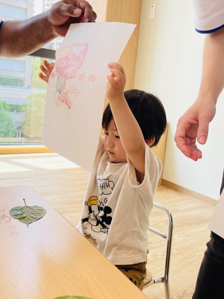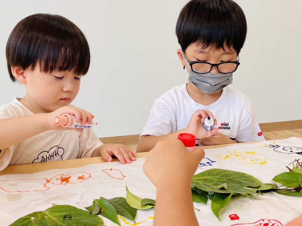 まずは葉っぱでコラージュ♪です。
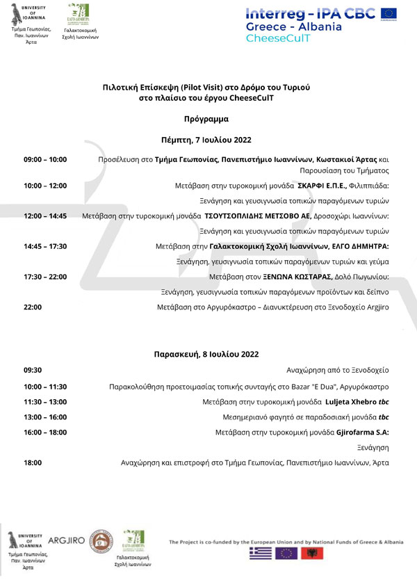 Το ταξίδι θα πραγματοποιηθεί στις 7 και 8 Ιουλίου 2022 και θα ακολουθήσει μία πρωτόλεια διαδρομή του «Δρόμου του Τυριού», με αφετηρία την Άρτα και διαδρομή μέσω Ιωαννίνων και Πωγωνίου στο Αργυρόκαστρο στην Αλβανία, με ενδιάμεσες στάσεις σε τοπικές τυροκομικές μονάδες για γευσιγνωσία τυροκομικών προϊόντων και επίσκεψη στο νεοιδρυθέν από το έργο μουσείο τυροκομίας στη Γαλακτοκομική Σχολή Ιωαννίνων.
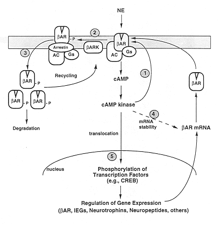 Schematic illustration of multiple mechanisms underlying regulation of the bAR. One of the best characterized actions of bAR activation is regulation of the receptor itself, which involves several points controlling receptor function and expression. 1) bAR stimulation of the cAMP system results in phosphorylation of the receptor by cAMP-dependent protein kinase, which leads to uncoupling of the receptor from Gs. The activated protein kinase would also phosphorylate many other proteins, not shown in the Figure, which would then mediate many of the actions of bAR activation. 2) Prolonged activation of the receptor leads to phosphorylation by another kinase, bAR kinase (bARK), which only phosphorylates the agonist-activated form of the receptor. This results in binding of the receptor to b-arrestin, which competes with Gs and thereby inhibits bAR-stimulation of adenylyl cyclase (AC). 3) Loss of bARs from the membrane occurs when receptors are internalized and sequestered into intracellular vesicles. This pool of receptors is then available for either recycling back to the membrane or degradation. Such sequestration, internalization, degradation, and membrane re-insertion may be mediated via receptor phosphorylation and dephosphorylation involving the cAMP and/or bARK pathways. Another mechanism by which receptor activation leads to down regulation of the bAR is via regulation of receptor mRNA levels, which may occur by two primary mechanisms. 4) The level of receptor mRNA is regulated by the stability or half-life of the mRNA. Although the mechanisms responsible for regulation of mRNA stability have not been identified, they may also involve cAMP-dependent protein kinase. 5) The level of receptor mRNA is also regulated via changes in bAR gene transcription. This effect is mediated by the cAMP pathway and appears to involve the translocation of cAMP-dependent protein kinase catalytic subunit into the nucleus and the phosphorylation of constitutively expressed transcription factors (e.g., CREB). It might also depend upon the subsequent induction of other transcription factors [e.g., immediate early gene (IEG) products such as c-Fos]. In addition to regulation of receptor gene transcription, such regulation of transcription factors would mediate the effects of bAR activation on the expression of many other genes, for example, those for G-proteins, cAMP-dependent protein kinase, neurotrophins, and neuropeptides. This, in turn, would mediate many of the more long-term effects of bAR activation on brain function. |
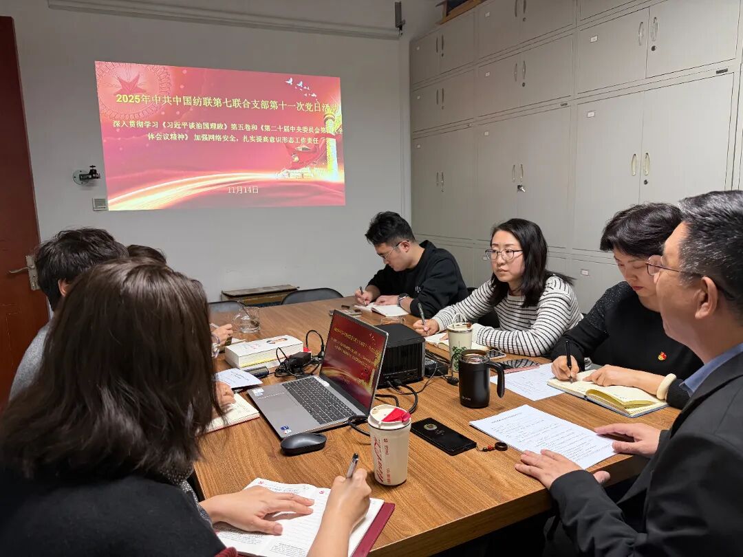 11月14日下午,中国纺联第七联合党支部召开第十一次党日活动。主要内容包括“书记讲党课”和集体学习《习近平谈治国理政(第五卷)》。活动由支部书记王加毅主持。
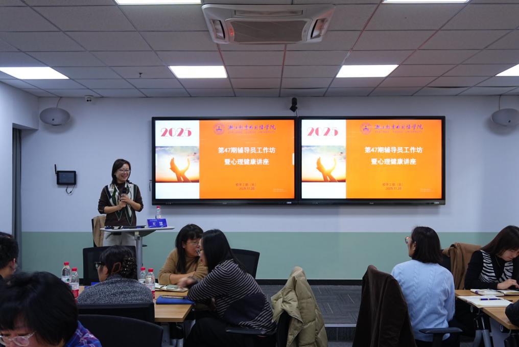 11月20日下午,我校第九届生命文化节之心理健康专题讲座在镜湖校区教师发展中心顺利举行。浙江工业大学心理中心主任王慧、学生处副处长杨勤、各二级学院学工书记、学工办主任、心理辅导站负责老师以及学生工作一线教师代表共同参加。
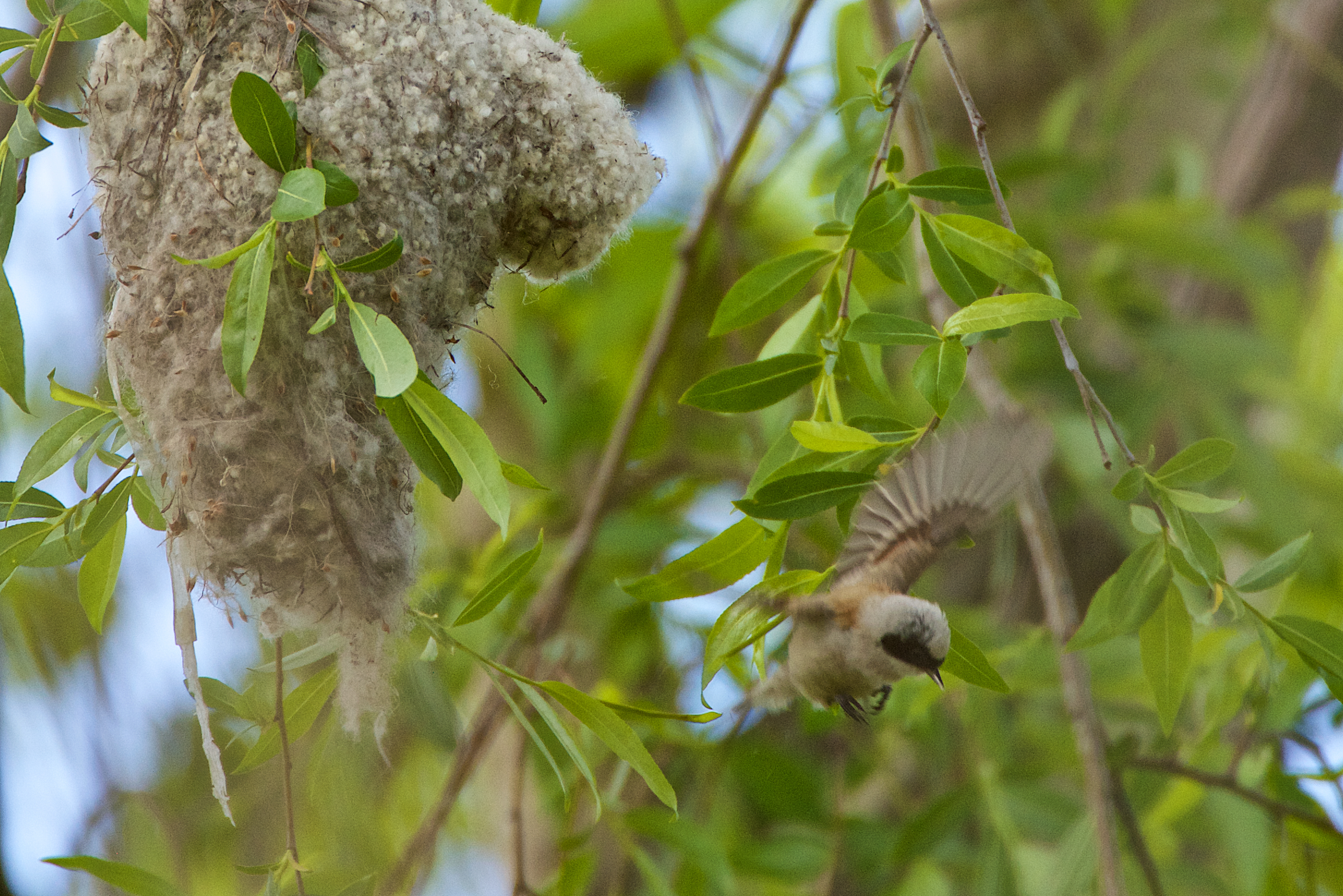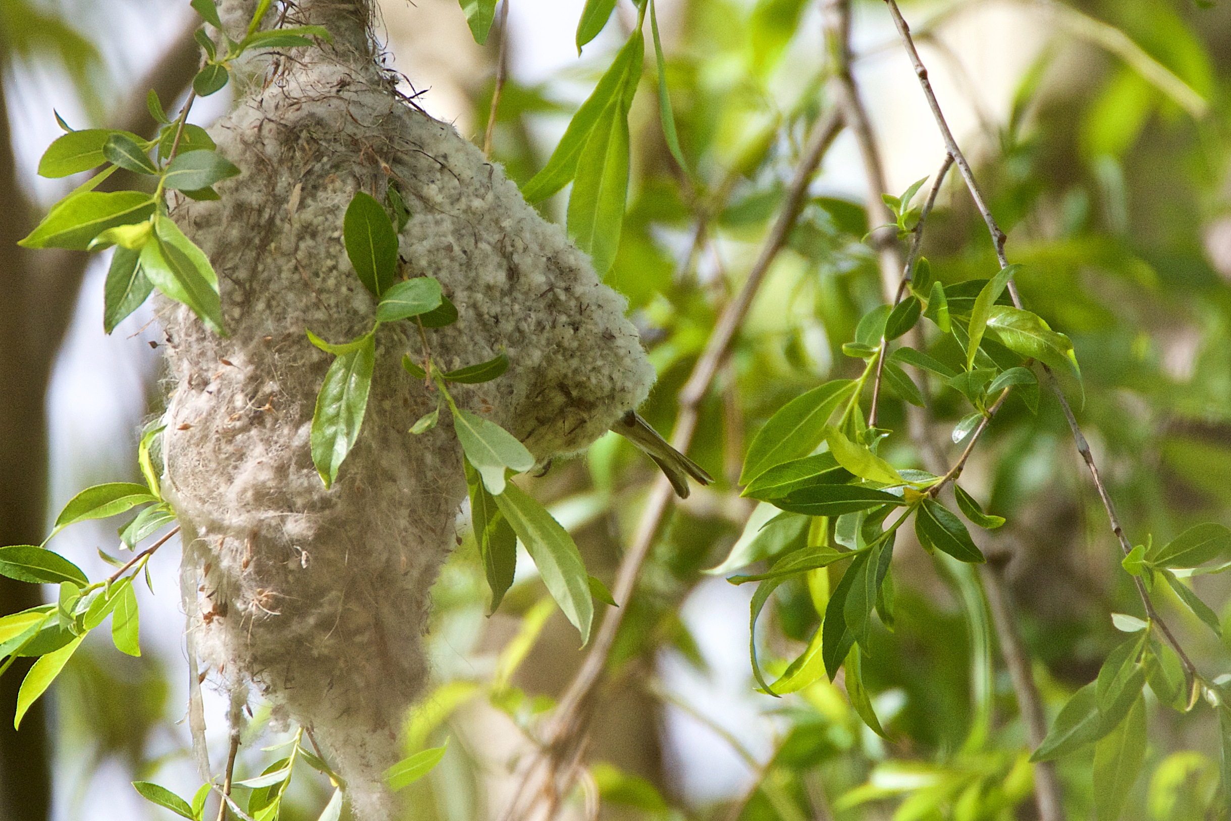 Cottony-soft and virtually impervious to rain and predators, these tough, tightly-woven nests were used as children’s slippers in Europe in the past. The Masai of Africa used those of a related species as purses. This one was swaying and rocking in the fresh spring breezes.
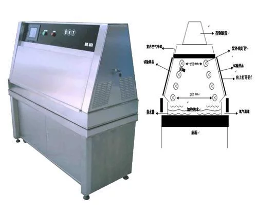 试验箱采用荧光紫外灯为光来自源,通过模拟自然阳光中的紫外辐射和冷凝,对材料进行加速耐候性试验,以获得材料耐候性的结果。
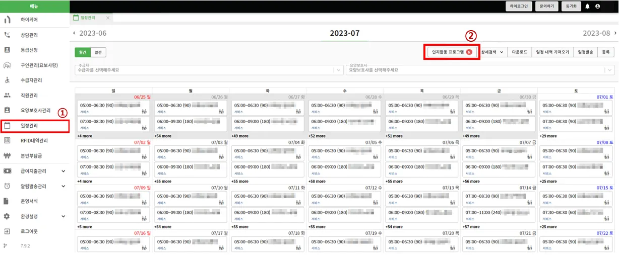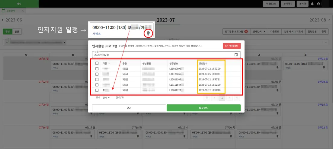 2. 월 별 일정이 등록되면 인지등급 수급자 별 자동 생성 되어 리스트에서 확인할 수 있어요!
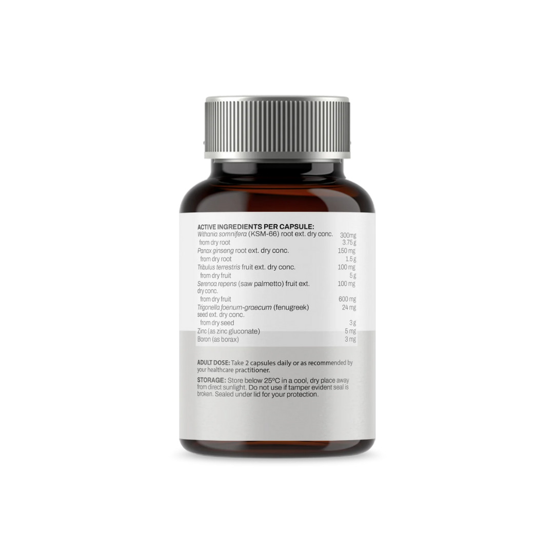 Meet TEST PERFORM, your premium blend of quality herbal extracts and essential nutrients, specifically formulated to support healthy testosterone levels in men. Fuel up with Withania (KSM-66), which is traditionally used in Ayurvedic medicine for its ability to combat fatigue, knock out stress, and support mental wellbeing. Then there's Panax, *traditionally used in Western herbal medicine, to support mental and physical endurance, promote physical performance and keep libido levels healthy.
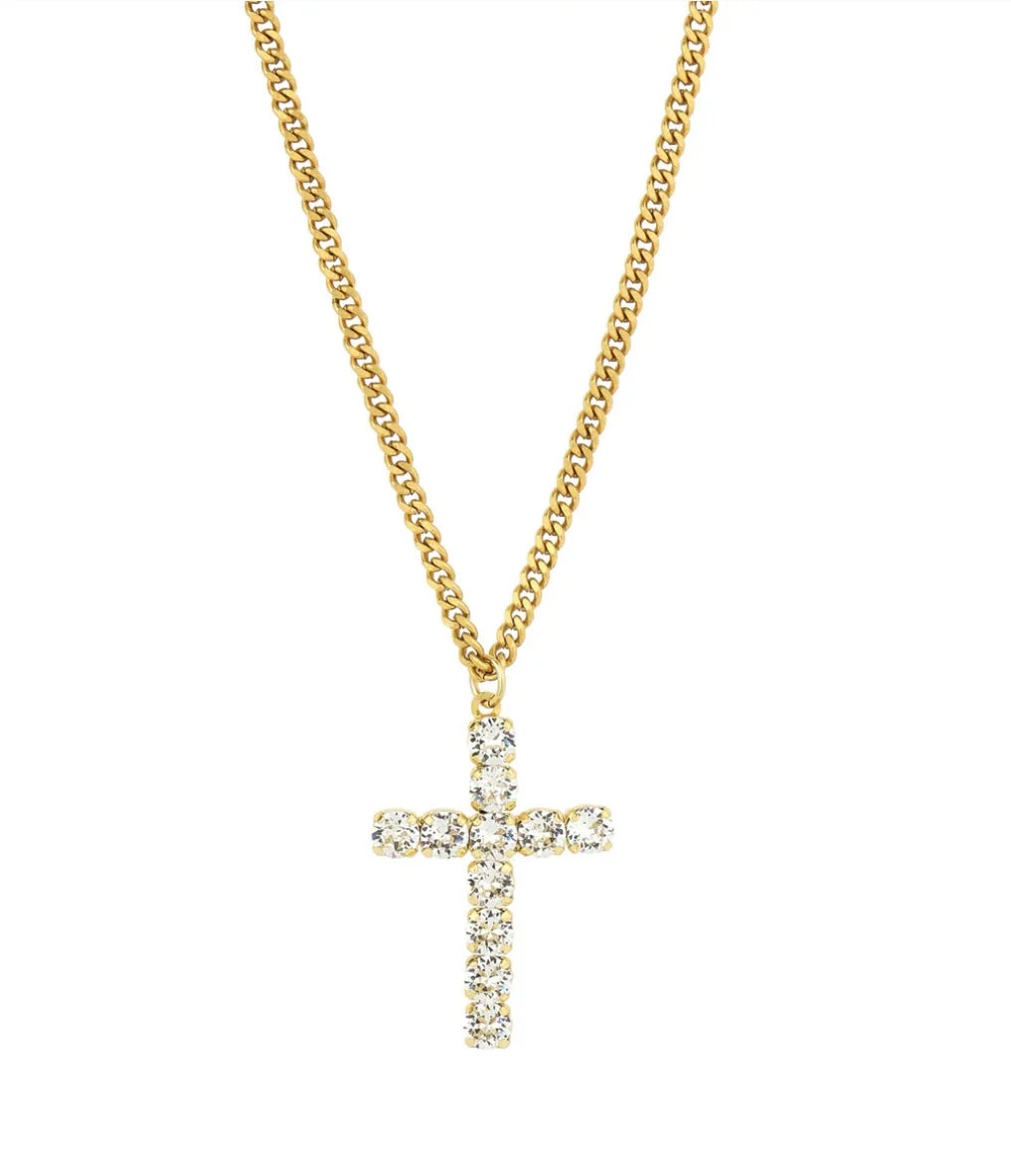 Shine bright with this Clear Cross necklace! Crafted with antique gold plating and high quality crystals, this 16" necklace (with a 3" extension) is perfect for adding a touch of vintage charm to any outfit. Proudly made in Canada.
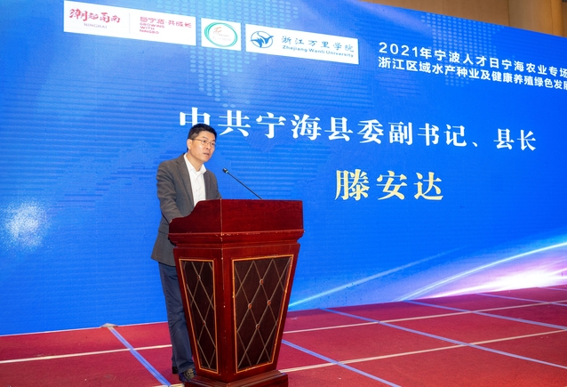滕安达致辞,他对各位领导和专家齐聚宁海,共商浙江水产种业和健康养殖大计表示热烈欢迎和诚挚感谢。滕安达说,宁海县是浙江省海水养殖大县,具有悠久的水产养殖历史,在养殖模式和养殖技术创新方面积累了丰富的经验和成果,贝、虾、鱼、蟹等种苗生产和养成技术水平在国内居于前列,荣获“中国蛏子之乡”称号。然而,在水产种质创新和良种创制、健康养殖和绿色发展方面,宁海县迫切需要借智借力高校和科研院所,加强联合技术攻关,为此宁海县人民政府与浙江万里学院合作建立了浙江万里学院宁海海洋生物种业研究院。目前该研究院发展势头良好,现在从国家布局水产种业发展来看,这项合作具有前瞻性,在宁波市甚至浙江省水产种业创新和发展中必将发挥重要作用。他希望各位领导和专家不吝指导和帮助,促进宁海海洋渔业经济的转型升级和提质增效。

_ _ _ _ _ _ _

*What is required*:
Please set down, exactly and with nothing added, the lines from the line with "11月14日下午,中国纺联第" to the end of the entries above, omitting pictures.

*Solution to this exercise*:
 11月14日下午,中国纺联第七联合党支部召开第十一次党日活动。主要内容包括“书记讲党课”和集体学习《习近平谈治国理政(第五卷)》。活动由支部书记王加毅主持。
 11月20日下午,我校第九届生命文化节之心理健康专题讲座在镜湖校区教师发展中心顺利举行。浙江工业大学心理中心主任王慧、学生处副处长杨勤、各二级学院学工书记、学工办主任、心理辅导站负责老师以及学生工作一线教师代表共同参加。
 Cottony-soft and virtually impervious to rain and predators, these tough, tightly-woven nests were used as children’s slippers in Europe in the past. The Masai of Africa used those of a related species as purses. This one was swaying and rocking in the fresh spring breezes.
 试验箱采用荧光紫外灯为光来自源,通过模拟自然阳光中的紫外辐射和冷凝,对材料进行加速耐候性试验,以获得材料耐候性的结果。
 2. 월 별 일정이 등록되면 인지등급 수급자 별 자동 생성 되어 리스트에서 확인할 수 있어요!
 Meet TEST PERFORM, your premium blend of quality herbal extracts and essential nutrients, specifically formulated to support healthy testosterone levels in men. Fuel up with Withania (KSM-66), which is traditionally used in Ayurvedic medicine for its ability to combat fatigue, knock out stress, and support mental wellbeing. Then there's Panax, *traditionally used in Western herbal medicine, to support mental and physical endurance, promote physical performance and keep libido levels healthy.
 Shine bright with this Clear Cross necklace! Crafted with antique gold plating and high quality crystals, this 16" necklace (with a 3" extension) is perfect for adding a touch of vintage charm to any outfit. Proudly made in Canada.
滕安达致辞,他对各位领导和专家齐聚宁海,共商浙江水产种业和健康养殖大计表示热烈欢迎和诚挚感谢。滕安达说,宁海县是浙江省海水养殖大县,具有悠久的水产养殖历史,在养殖模式和养殖技术创新方面积累了丰富的经验和成果,贝、虾、鱼、蟹等种苗生产和养成技术水平在国内居于前列,荣获“中国蛏子之乡”称号。然而,在水产种质创新和良种创制、健康养殖和绿色发展方面,宁海县迫切需要借智借力高校和科研院所,加强联合技术攻关,为此宁海县人民政府与浙江万里学院合作建立了浙江万里学院宁海海洋生物种业研究院。目前该研究院发展势头良好,现在从国家布局水产种业发展来看,这项合作具有前瞻性,在宁波市甚至浙江省水产种业创新和发展中必将发挥重要作用。他希望各位领导和专家不吝指导和帮助,促进宁海海洋渔业经济的转型升级和提质增效。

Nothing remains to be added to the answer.